A full design pass has been completed against upstream @anthropic-ai/claude-code@2.1.160, with the API surface live-verified against the actual /deep-research workflow script captured from ~/.claude/projects/<session>/workflows/scripts/ plus binary strings cross-check. The following artifacts will be committed alongside the implementation PR:

  • Main design doc (788 lines): .qwen/design/dynamic-workflow-alignment-claude-code-2.1.160.md — per-axis upstream findings, qwen-code fit matrix (11 subsystems), gap analysis, phased plan, risks
  • Live-probe delta (~280 lines): .qwen/design/dynamic-workflow-alignment-claude-code-2.1.160-liveprobe-delta.md — API surface confirmation, with binary line citations and /deep-research source code references
  • E2E test plan (812 lines): .qwen/e2e-tests/dynamic-workflow-alignment.md — per-phase scenarios with stub-server harness

Every API signature in the design is Confirmed against either Anthropic's published /deep-research workflow source or the binary's literal tool-description constant.

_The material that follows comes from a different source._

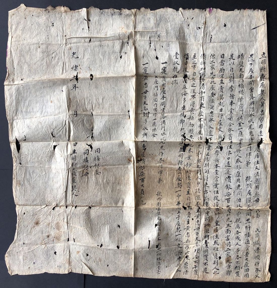 1885 a private deed for selling a house in Macau (without any official seal), the house is located in Guizai Lane, Shuikengwei. Although it is damaged, it is quite rare.

Phased implementation plan

Each phase is independently shippable behind a feature gate:

Phase Scope Est. LOC
P1 Minimal Workflow tool: node:vm sandbox + sequential agent() + phase() + log(); foreground; no parallel/pipeline/schema/budget/resume ~600
P2 parallel(thunks) + pipeline(items, ...stages) + 16-concurrent / 1000-total caps + errors-as-data ~300
P3 agent({ schema, agentType }) → forced StructuredOutput contract + 2-nudge in-conversation retry on schema validation failure; agentType resolves against the declarative-agents registry from #4821 (graceful fallback to the built-in workflow subagent if agentType is unset or fails to resolve) ~300
P4 Extract meta ({name, description, whenToUse?, phases?[{title, detail?, model?}]}) before stripping it from the script source (replaces P1's stripExportMeta with extractAndStripMeta); /workflows slash command + phase-tree progress UI + BackgroundTasksPill KIND_NAMES extension ~400
P5 budget global + per-phase token rollup + optional per-run token ceiling ~200
P6 Resume via longest-unchanged-prefix cache; JSONL journal under <projectDir>/workflows/<sessionId>/ ~400
P7 (optional) Ultracode session-mode toggle + workflowKeywordTriggerEnabled keyword trigger ~200

Decisions needed before P1 (qwen-specific divergences from upstream)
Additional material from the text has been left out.